AWS Certified Machine Learning – Specialty — Question 328
A bank has collected customer data for 10 years in CSV format. The bank stores the data in an on-premises server. A data science team wants to use Amazon SageMaker to build and train a machine learning (ML) model to predict churn probability. The team will use the historical data. The data scientists want to perform data transformations quickly and to generate data insights before the team builds a model for production.
Which solution will meet these requirements with the LEAST development effort?
Answer options
- A. Upload the data into the SageMaker Data Wrangler console directly. Perform data transformations and generate insights within Data Wrangler.

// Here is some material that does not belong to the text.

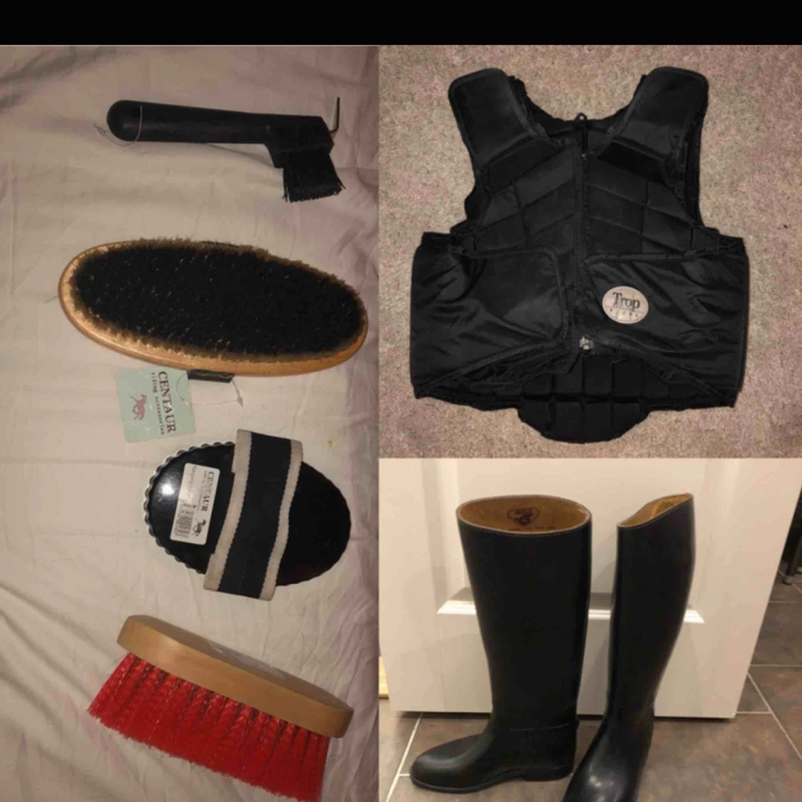 Ridväst: ca storlek s/m, inte använt mycket. (300kr) Ridstövlar: ca 38, gummistövlar, bra märke och bra skick. (200kr) Sett med borstar mm: aldrig använt borstarna, bara hovkratsen (250kr för alla tsm) Snabbaffär kan få bättre pris

- B. Upload the data into an Amazon S3 bucket. Allow SageMaker to access the data that is in the bucket. Import the data from the S3 bucket into SageMaker Data Wrangler. Perform data transformations and generate insights within Data Wrangler.

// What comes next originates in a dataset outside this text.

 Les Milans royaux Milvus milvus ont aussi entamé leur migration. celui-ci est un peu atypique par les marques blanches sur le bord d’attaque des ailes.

- C. Upload the data into the SageMaker Data Wrangler console directly. Allow SageMaker and Amazon QuickSight to access the data that is in an Amazon S3 bucket. Perform data transformations in Data Wrangler and save the transformed data into a second S3 bucket. Use QuickSight to generate data insights.

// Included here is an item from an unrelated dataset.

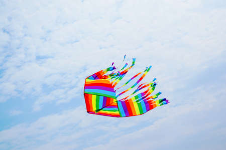 Multicolored kite on a background of sky.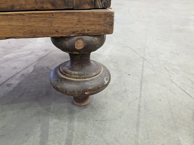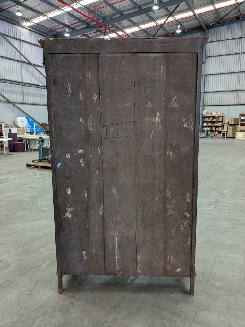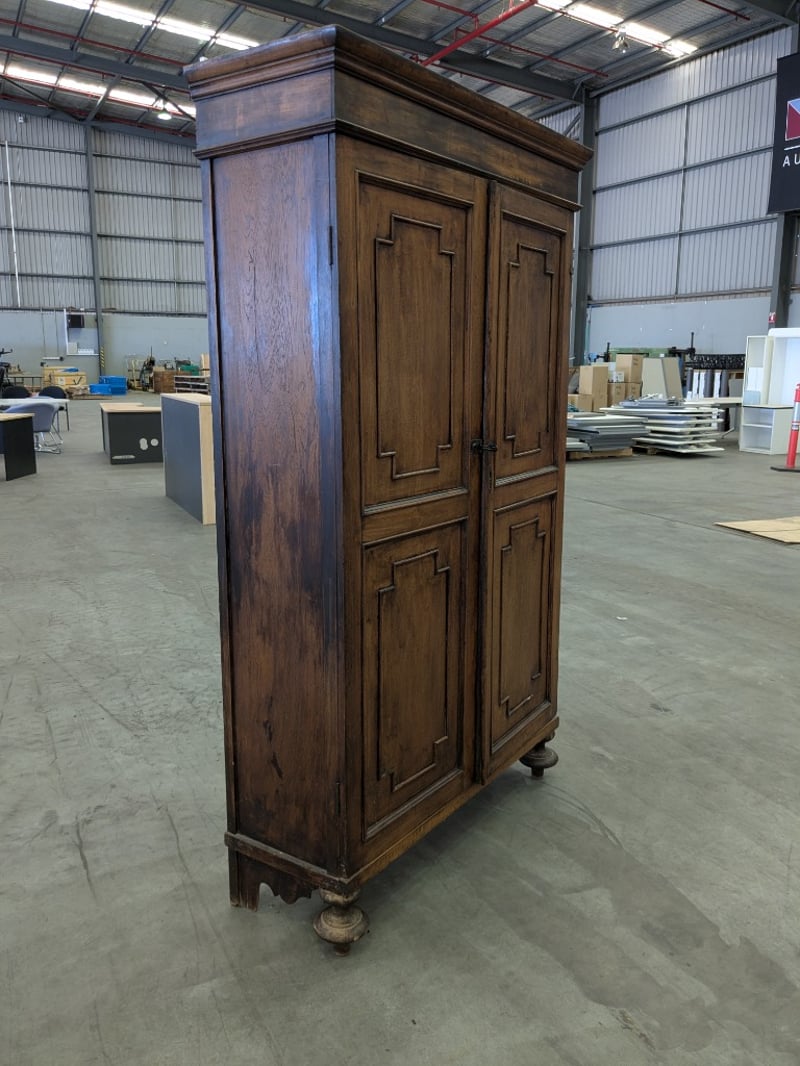 Wooden Wardrobe / Storage Cabinet – Aged Timber Style, Panelled DoorsBeautiful wooden wardrobe featuring classic panelled double doors, original metal hardware, internal shelving, and traditional turned timber feet. A character-filled piece with a rustic, aged patina.Dimensions:(W) 121 cm x (H) 212 cm x (D) 41 cmNote: Shows wear consistent with age, Visible damage and water staining to the top and rear panels, Structural integrity appears fair, but restoration may be required. Sold as-is.

- D. Upload the data into an Amazon S3 bucket. Allow SageMaker to access the data that is in the bucket. Import the data from the bucket into SageMaker Data Wrangler. Perform data transformations in Data Wrangler. Save the data into a second S3 bucket. Use a SageMaker Studio notebook to generate data insights.
Correct answer: B
Explanation
SageMaker Data Wrangler does not support direct local file uploads to its console for large datasets, requiring the data to first be placed in a supported storage service like Amazon S3. Option B is correct because SageMaker Data Wrangler provides built-in data visualization and insight generation tools, which eliminates the need for additional development work like creating Amazon QuickSight dashboards or writing custom visualization code in SageMaker Studio notebooks.